Based on the regression model, those hired by the current Dean are predicted to make 319 dollars more than those not hired by the Dean, which can be argued to be a insignificant salary. Furthermore, the level of significance for the hired variable is .81, which indicates that the relationship between hired and salary is not statistically significant. Based on these factors, I would state that findings do not indicate any favorable treatment by the Dean toward faculty that the Dean specifically hired.
## Question Answer 3
```{r}
data("house.selling.price")
house.selling.price
```
#A
```{r}
summary(lm(Price ~ Size + New, data = house.selling.price))
```
Both size and New variable positively predict selling price.

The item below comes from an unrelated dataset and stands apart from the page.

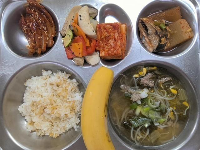 중식 노랑차조밥 사골우거지국(5.6.16) 고등어무조림(5.6.7.13) 매콤직화통바베큐(2.4.5.6.9.10.12.15.16.17.18) 모듬채소구이 직접담은김치(자율)(9) 바나나

As we change \$ 1 in price, it results in 116.132 change in size and 57736.283 units in New.
$$\\[0.2in]$$
#B
```{r}
new_home <- house.selling.price %>% filter(New == 1)
summary(lm(Price ~ Size, data = new_home))
```
```{r}
old_home <- house.selling.price %>% filter(New == 0)
summary(lm(Price ~ Size, data = old_home))
```
For the filtered data wrt new home and old home, Size positively predicts price (But by a greater value wrt new homes). Adjusted R-squared for the model is also much higher (0.91 vs. 0.58) for new home and old home respectively.
New_Price = 166.35 * Size - 100755.31
Old_Price = 104.438 * Size - 22227.808
#C
```{r}
Size <- 3000
New_Price = 166.35 * Size - 100755.31
Old_Price = 104.438 * Size - 22227.808
sprintf("New Price = %f", New_Price)
sprintf("Old Price = %f", Old_Price)
```
#D
```{r}
summary(lm(Price ~ Size*New, data = house.selling.price))
```
#E
The predicted selling price, based on the new regression that includes interaction between Size and Newness, would look like:
price_with_sizeAndNew = ( -22227.81 + 104.44 * Size ) + ( -78527.50 + 61.92 * Size )
price_with_size = -22227.81 + 104.44 * Size
#F
```{r}
Size <- 3000
New_Price_withSizeAndNew = ( -22227.81 + 104.44 * Size ) +( - 78527.50 + 61.92 * Size )
Old_Price_withSize = -22227.81 + 104.44 * Size
sprintf("New Price = %f", New_Price_withSizeAndNew)
sprintf("Old Price = %f", Old_Price_withSize)
```
#G
```{r}
Size <- 1500
New_Price_withSizeAndNew = -22227.81 + 104.44 * Size - 78527.50 * 1 + 61.92 * Size * 1
Old_Price_withSize = -22227.81 + 104.44 * Size
sprintf("New Price = %f", New_Price_withSizeAndNew)
sprintf("Old Price = %f", Old_Price_withSize)
```
As size of home goes up, the difference in predicted selling prices between old and new homes becomes larger.
#H
When we apply the interaction (having both size and new variable), then we see a significantly large negative coefficient. The adjusted r-squared for the model with Size and New variable combined is 0.7363 and the adjusted r-squared for the first model with just Size variable is 0.7169. The increase in the adjusted r-squared with the interaction model could be due to an additional variable or could indicate a slightly better fit for the prediction of the data. Although both models have almost similar adjusted r-squared value, I would prefer the model with interaction (with Size and New variable) because the regression indicates that the interaction term is statistically significant to selling price prediction, so I feel it is necessary to utilize an equation that factors for this.